→ TASK DIRECTIONS: Pictures do not belong in your copy. Repeat all the other data exactly.

### INPUT DATA ###

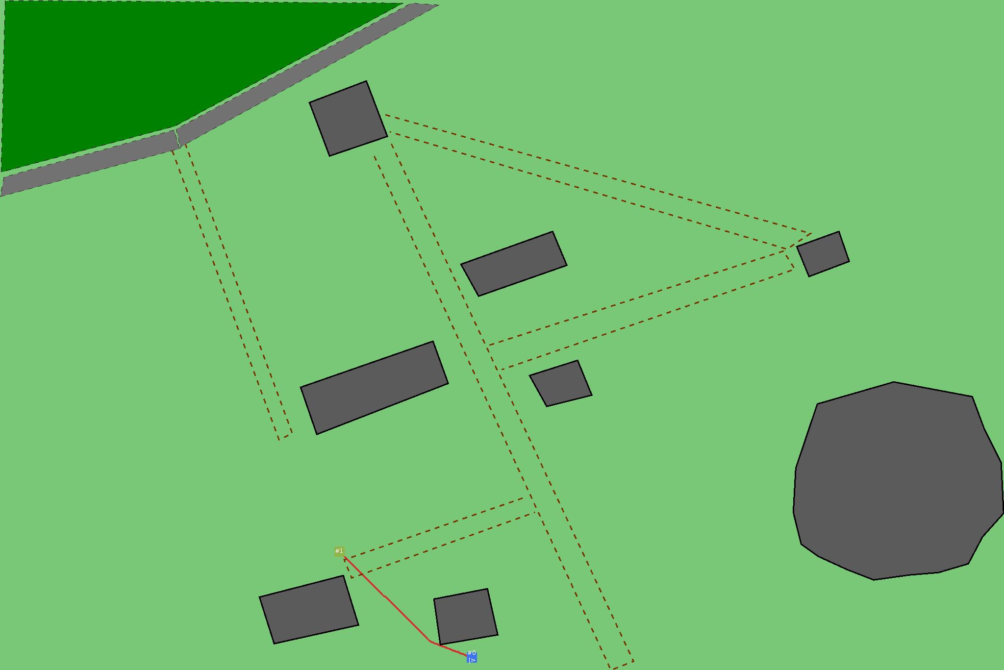 Красным цветом показаны места, где, вероятнее всего, появятся стихийные тропы..
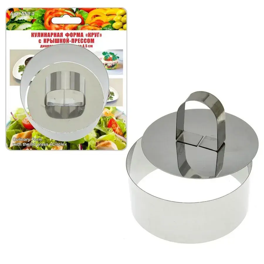 Профессиональная кондитерская форма с прессом создана для тех, кто ценит эстетику и удобство в приготовлении блюд. Уникальная конструкция позволяет быстро формировать ровные слои салатов, десертов и закусок, превращая обычные блюда в ресторанные шедевры.
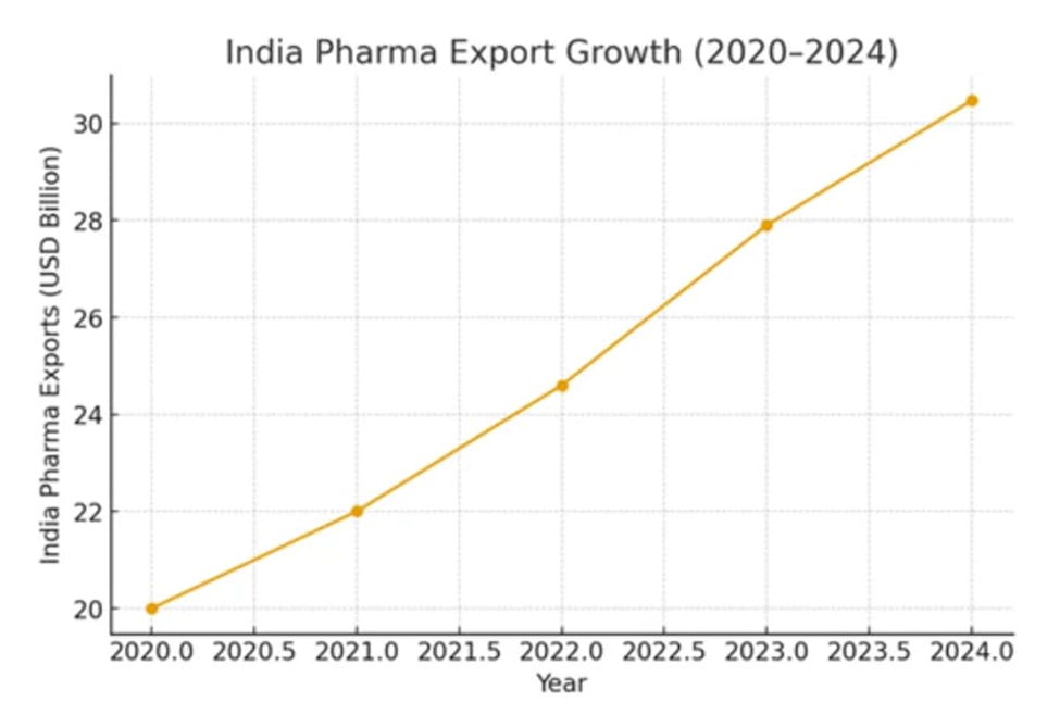 Figure 1: India’s Pharmaceutical Export Growth (2020–2024), illustrating the volume-driven base supporting the pivot to value-based autonomy (source: industry analysis, Eminence Group Ventures, 2025).
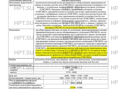 | Коммерческое наименование | мусоровоз с КМУ или без UMCMG3, автомобиль-сортиментовоз с КМУ UMCMS3, автомоби… |
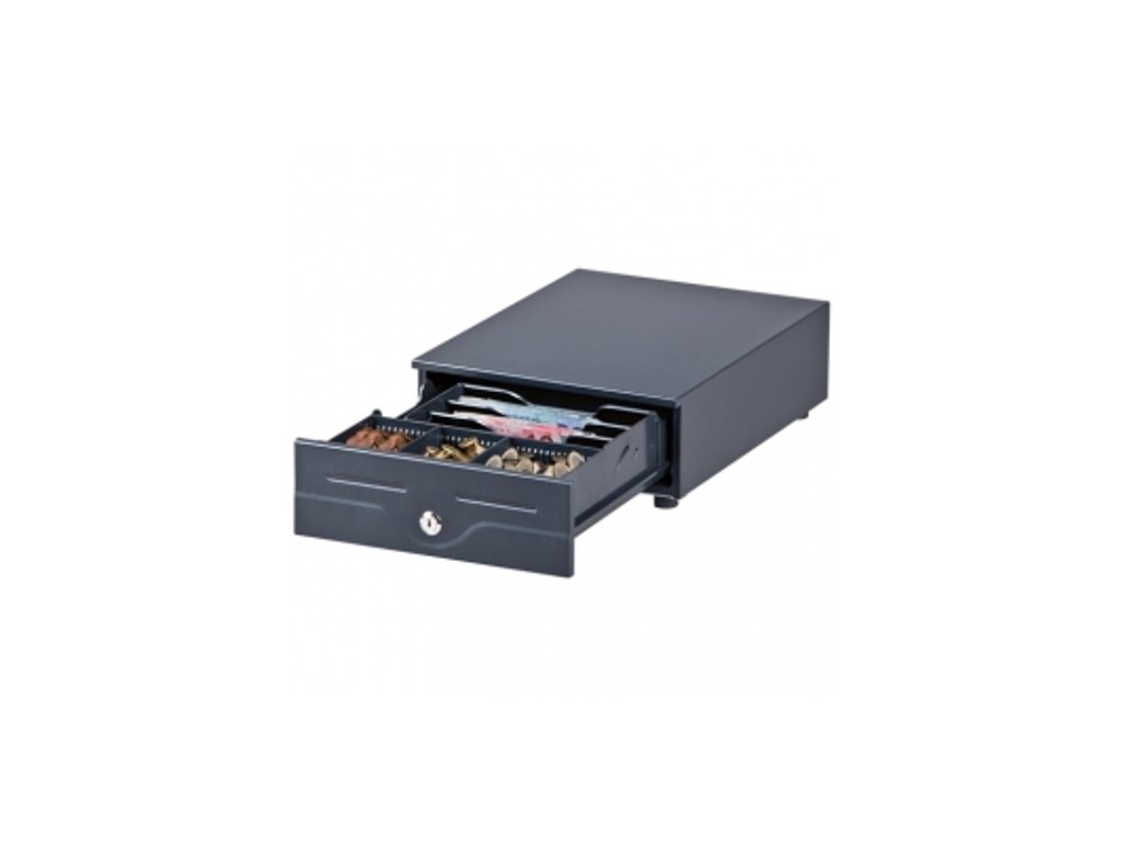 Pokladní černá zásuvka K-4 s plastovým čelním krytem a elektrickým otvíráním slouží k připojení k tiskárnám účtenek. Obsahuje horizontální přihrádky na bankovky, mincovní přihrádky a je vybavená třípolohovým zámkem.

###

→ WRITTEN RESPONSE:
 Красным цветом показаны места, где, вероятнее всего, появятся стихийные тропы..
 Профессиональная кондитерская форма с прессом создана для тех, кто ценит эстетику и удобство в приготовлении блюд. Уникальная конструкция позволяет быстро формировать ровные слои салатов, десертов и закусок, превращая обычные блюда в ресторанные шедевры.
 Figure 1: India’s Pharmaceutical Export Growth (2020–2024), illustrating the volume-driven base supporting the pivot to value-based autonomy (source: industry analysis, Eminence Group Ventures, 2025).
 | Коммерческое наименование | мусоровоз с КМУ или без UMCMG3, автомобиль-сортиментовоз с КМУ UMCMS3, автомоби… |
 Pokladní černá zásuvka K-4 s plastovým čelním krytem a elektrickým otvíráním slouží k připojení k tiskárnám účtenek. Obsahuje horizontální přihrádky na bankovky, mincovní přihrádky a je vybavená třípolohovým zámkem.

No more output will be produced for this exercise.